1/9

Very interesting thread. Capital Economics says China’s GDP growth has been overstated by roughly 12% in the past five years – a very hefty number – while the San Francisco Fed accepts the numbers in aggregate but says Beijing has been smoothing out the data. https://twitter.com/S_Rabinovitch/status/1316940464445149184
2/9

I don’t know enough to say whether either is true, but for me the biggest problem with China’s GDP growth data is that they do not have the same relationship to underlying economic growth that GDP growth data in other countries do, and so it is meaningless to compare...
3/9

Chinese GDP growth with GDP growth elsewhere.

While GDP growth in most countries is a measured output that depends on volatile real economic activity, Chinese GDP is an input into the economic process in which local governments are required to add whatever additional...
4/9

economic activity is needed to achieve the targeted GDP growth rate, whether or not this activity adds to welfare or productive capacity. Because they do not have to write down non-productive investment to nearly the same extent as in other countries (writing down bad...
5/9

investment reduces the value-added component of that period’s GDP calculation), they are able to "achieve" any GDP growth rate they want – although this growth rate doesn’t necessarily represent real underlying growth in the productive capacity of the economy to nearly...
6/9

the same extent that it does in most other countries.
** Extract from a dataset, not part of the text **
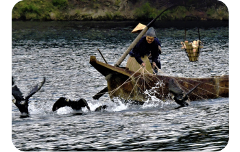 傳承千年的傳統漁法。夜間漁師點燃篝火引導鸕鶿捕魚,如歷史畫卷。現有白天觀覽,可近距離欣賞這項古老技藝。

During the three decades when reported Chinese GDP growth represented "real" growth in the economy, and it was unnecessary to force local governments to maintain the target, not surprisingly GDP growth always...
7/9

exceeded the target, and GDP growth rates were highly volatile. Once it no longer could do so, the best it could do was match the target, which it always did. https://carnegieendowment.org/chinafinancialmarkets/78138
8/9

This of course explains much better why China’s GDP growth is so impossibly smooth than claims that China is somehow “cheating”, or purposefully smoothing out the data (why would they want to undermine their credibility by doing that?). Real economic activity is normally...
9/9

very volatile and reflects underlying conditions in the economy, while growth targets are determined politically. That's why input targets are always likely to be smoother than output.